Sheffield United: Shattered dreams, broken bones and new beginnings
Nigel Adkins has many memories of his time as a Wigan Athletic player.
Some positive and others, the Sheffield United manager acknowledged earlier this week, excruciatingly painful.
“I remember breaking my cheekbone while I was there, fracturing my wrist and my finger and also getting a double fracture of the spine. Oh, and I saved a John Barnes penalty in front of The Kop. The supporters named their bar after me; ‘Steady’. That’s what I used to shout. They sent me something when we were at Southampton saying they were still going strong then. Whether it still is or not, I honestly don’t know.”
Much has changed at Wigan since the days when, as a young goalkeeper, Adkins used his catchphrase to marshall defenders at Springfield Park. The ground, which hosted the club’s first ever match in the Football League, is now a housing estate and a team whose ambitions once stretched to rubbing shoulders with the likes of Liverpool in knockout competitions recently celebrated lifting the FA Cup.
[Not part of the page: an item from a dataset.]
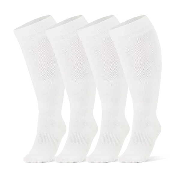 Breslatte Wide Calf Compression Socks for Women Men Plus Size 10-14 mmHg Circulation Knee High Support Stockings 4Pair-05 White/White/White/White X-Large-XX-Large

Wigan was also the place where, having suffered that debilitating back injury in 1993, Adkins pressed ahead with forging his coaching career. Twenty-two years, three clubs and four promotions after becoming player/manager of Bangor City, he took charge of Sheffield United with whom he returns to Lancashire today.
“It’s a game which, for obvious reasons, I’m looking forward too,” Adkins told The Star during his pre-match media briefing on Tuesday afternoon. “It’s where I spent the majority of my time as a player. They won the FA Cup not so long back so it just goes to show how challenging it is to stay at the top. Football changes all the time and, if you take your foot of the gas or don’t accept that, you’ll get hurt. You’ve got to be on it all the time.”
Adkins learnt a salutary lesson last Christmas too when, having just parted company with Reading, he spent the festive period at home in Birkenhead. It was, the former Southampton and Scunthorpe chief admitted, a pleasant experience but not one is particularly keen to repeat.
“I’ve been in football since the age of 16 and last year was the first day when I didn’t have to think on Christmas Day about playing or preparing for a game the day after. We went and had a nice drink with my dad and my mum. Did I enjoy it? Yes. Would I want to do it again anytime soon? No. Football is my job. It was strange.
“We went around to The Swan, which was the local on our estate growing-up, put some hats on, had a drink and then went back to mum’s for a lovely dinner. It’s amazing, when you go back, how many people still pop in. That’s what you do on Christmas Day isn’t it. Put the Christmas jumper on, have a quick beer and then go back home for some food.”
This year Adkins has been obsessing over tactics and team selection rather than choosing novelty threads. United’s game against fifth-placed Wigan, with only four points separating them in the table, could exert huge influence over the race for promotion from League One. United, in ninth, have won their last three outings by the same 1-0 scoreline while their opponents beat Barnsley 2-0 seven days ago.
Adkins, having established a reputation for building expansive, attack-minded teams, has instructed his players to adopt a much more combative approach in recent weeks. Partly in response to the defensive frailties which had seen them spiral out of the top six and partly because, after being exposed to Wigan’s rugby league heritage, he boasts huge respect for confrontational professionals who refuse to take a backwards step.
“I remember signing for Wigan and, because Springfield Park was on the back of a housing estate, I got lost. So I asked this bloke for directions and he sent me to Central Park. I didn’t know anything about rugby league at the time but they were world champions I think back then and were getting crowds of 30,000. I rolled up at the ground, the wrong ground as it was, and just thought ‘wow.’ There was an aura about the place.”
And a soon-to-be Great Britain international too.
“Our apprentices and the rugby apprentices used to get schooled at Springfield Park. All our lads looked pretty weedy compared to them. Andy Farrell walked in one day, he was 16 and there was already this stature, this standing about him. He went on to become a legend and I wasn’t surprised. You just knew straight away.”